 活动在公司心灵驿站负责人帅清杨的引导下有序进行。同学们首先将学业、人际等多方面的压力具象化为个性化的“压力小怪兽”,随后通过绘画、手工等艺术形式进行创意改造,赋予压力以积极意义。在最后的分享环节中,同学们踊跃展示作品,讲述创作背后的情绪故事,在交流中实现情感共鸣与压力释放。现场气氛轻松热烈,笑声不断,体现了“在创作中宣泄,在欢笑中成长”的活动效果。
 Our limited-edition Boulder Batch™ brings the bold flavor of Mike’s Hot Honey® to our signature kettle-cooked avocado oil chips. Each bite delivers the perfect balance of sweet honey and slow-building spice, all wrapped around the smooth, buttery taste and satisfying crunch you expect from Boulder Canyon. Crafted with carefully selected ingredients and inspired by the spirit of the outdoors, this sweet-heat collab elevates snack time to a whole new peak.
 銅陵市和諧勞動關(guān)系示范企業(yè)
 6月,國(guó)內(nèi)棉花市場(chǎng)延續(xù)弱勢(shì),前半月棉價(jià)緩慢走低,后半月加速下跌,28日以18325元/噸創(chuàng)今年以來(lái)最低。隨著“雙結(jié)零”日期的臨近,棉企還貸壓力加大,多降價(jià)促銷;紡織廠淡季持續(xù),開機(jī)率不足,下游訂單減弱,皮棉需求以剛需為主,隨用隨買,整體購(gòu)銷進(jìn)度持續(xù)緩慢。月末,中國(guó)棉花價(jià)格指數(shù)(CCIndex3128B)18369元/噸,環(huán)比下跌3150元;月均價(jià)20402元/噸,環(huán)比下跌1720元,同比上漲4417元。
---
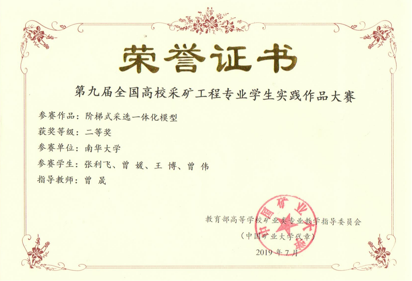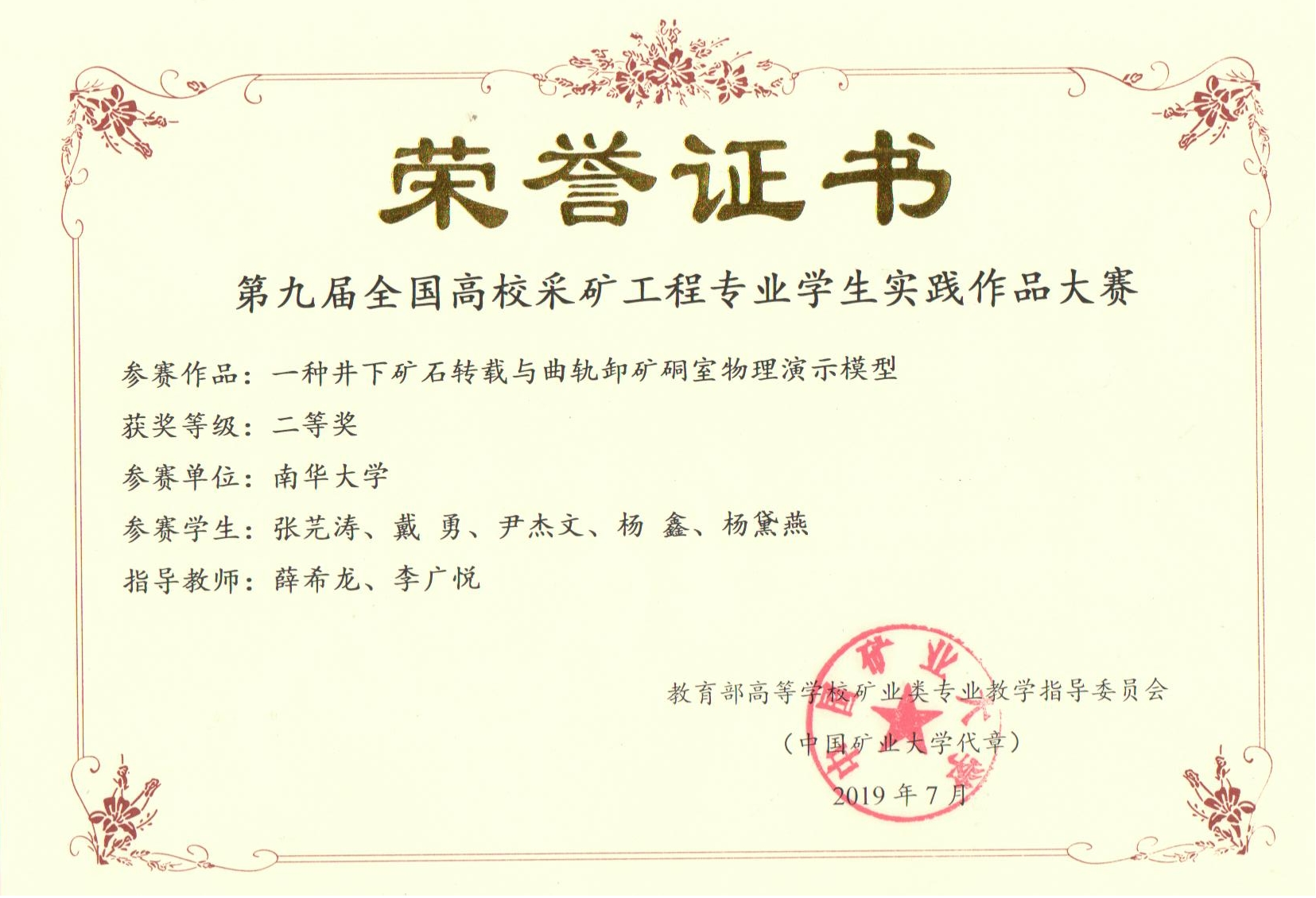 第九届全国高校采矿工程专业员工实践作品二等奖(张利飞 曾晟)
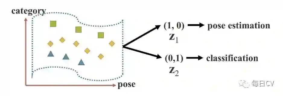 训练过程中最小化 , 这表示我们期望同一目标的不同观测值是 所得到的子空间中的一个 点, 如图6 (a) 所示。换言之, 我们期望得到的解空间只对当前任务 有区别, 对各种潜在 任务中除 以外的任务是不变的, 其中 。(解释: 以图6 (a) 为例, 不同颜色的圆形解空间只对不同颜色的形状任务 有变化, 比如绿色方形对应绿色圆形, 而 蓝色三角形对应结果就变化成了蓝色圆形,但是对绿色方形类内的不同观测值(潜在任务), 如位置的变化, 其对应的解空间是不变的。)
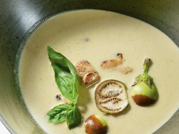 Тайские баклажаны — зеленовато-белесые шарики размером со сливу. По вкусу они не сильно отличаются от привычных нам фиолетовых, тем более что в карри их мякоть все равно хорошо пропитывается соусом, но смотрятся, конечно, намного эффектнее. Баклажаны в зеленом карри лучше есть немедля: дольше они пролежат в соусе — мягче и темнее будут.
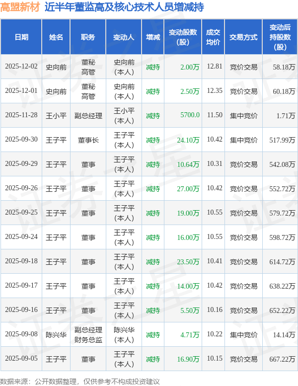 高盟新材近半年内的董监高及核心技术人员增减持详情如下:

## WORK ORDER
In the entries above, restate word for word the lines between the one holding "銅陵市和諧勞動關(guān)系示范企業(yè)" and the one holding "6月,國(guó)內(nèi", inclusive, and nothing besides.

## ANSWER BOX
 銅陵市和諧勞動關(guān)系示范企業(yè)
 6月,國(guó)內(nèi)棉花市場(chǎng)延續(xù)弱勢(shì),前半月棉價(jià)緩慢走低,后半月加速下跌,28日以18325元/噸創(chuàng)今年以來(lái)最低。隨著“雙結(jié)零”日期的臨近,棉企還貸壓力加大,多降價(jià)促銷;紡織廠淡季持續(xù),開機(jī)率不足,下游訂單減弱,皮棉需求以剛需為主,隨用隨買,整體購(gòu)銷進(jìn)度持續(xù)緩慢。月末,中國(guó)棉花價(jià)格指數(shù)(CCIndex3128B)18369元/噸,環(huán)比下跌3150元;月均價(jià)20402元/噸,環(huán)比下跌1720元,同比上漲4417元。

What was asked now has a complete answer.